Popular Medical College
- Logo of Popular Medical College
- Type: Private Medical College
- Established: 2010
- Academic affiliations: University of Dhaka
- Chairman: Dr. Mustafizur Rahman
- Principal: Khandaker Abu Rayhan
- Location: Dhanmondi, Dhaka, Bangladesh 23°44′19″N 90°22′47″E﻿ / ﻿23.7385°N 90.3797°E
- Campus: Urban;
- Language: English
- Website: pmc.ac.bd

= Popular Medical College =

Private medical college in Dhaka, Bangladesh

Popular Medical College (PMC) (পপুলার মেডিকেল কলেজ) is a private medical school in Bangladesh, established in 2010. It is located in Dhanmondi, Dhaka. It is affiliated with University of Dhaka as a constituent college.

It offers a five-year course of study leading to a Bachelor of Medicine, Bachelor of Surgery (MBBS) degree. A one-year internship after graduation is compulsory for all graduates. The degree is recognised by the Bangladesh Medical and Dental Council.

==History==
Popular Group, a healthcare company in Bangladesh, established Popular Medical College in 2010.

==Campus==
The college is located in Dhanmondi Thana, Dhaka. The associated Popular Medical College Hospital lies 250 m east of the college.

==Organization and administration==
The college is affiliated with Dhaka University as a constituent college. The chairman of the college is Md. Mustafizur Rahman. The principal is Khandaker Abu Rayhan.

==Academics==
The college offers a five-year course of study, approved by the Bangladesh Medical and Dental Council (BMDC), leading to a Bachelor of Medicine, Bachelor of Surgery (MBBS) degree from Dhaka University. After passing the final professional examination, there is a compulsory one-year internship. The internship is a prerequisite for obtaining registration from the BMDC to practice medicine. In October 2014, the Ministry of Health and Family Welfare capped admission and tuition fees at private medical colleges at 1,990,000 Bangladeshi taka (US$25,750 as of 2014) total for their five-year courses.

Admission for Bangladeshis to the MBBS programmes at all medical colleges in Bangladesh (government and private) is conducted centrally by the Directorate General of Health Services (DGHS).
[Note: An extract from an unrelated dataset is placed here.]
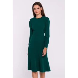 Elegantní tkané šaty s mírně rozšířeným střihem, ideální pro různé příležitosti. Dlouhé rukávy s nárameníky dodávají šatům módní nádech a manžety s knoflíčky zdůrazňují smysl pro detail. Šaty mají kulatý výstřih a krytý zip na zádech, který zajišťuje pohodlné nošení a minimalistický vzhled. Pásek zapínaný na dva hranaté knoflíky navíc krásně zvýrazňuje pas. Šaty nemají podšívku, takže jsou lehké a pohodlné. Jsou navrženy a ušity v Polsku a jsou ideální volbou pro ženy, které ocení styl a kvalitu.

It administers a written multiple choice question exam simultaneously throughout the country. Candidates are admitted based primarily on their score on this test, although grades at Secondary School Certificate (SSC) and Higher Secondary School Certificate (HSC) level also play a part. As of July 2014, the college is allowed to admit 75 students annually.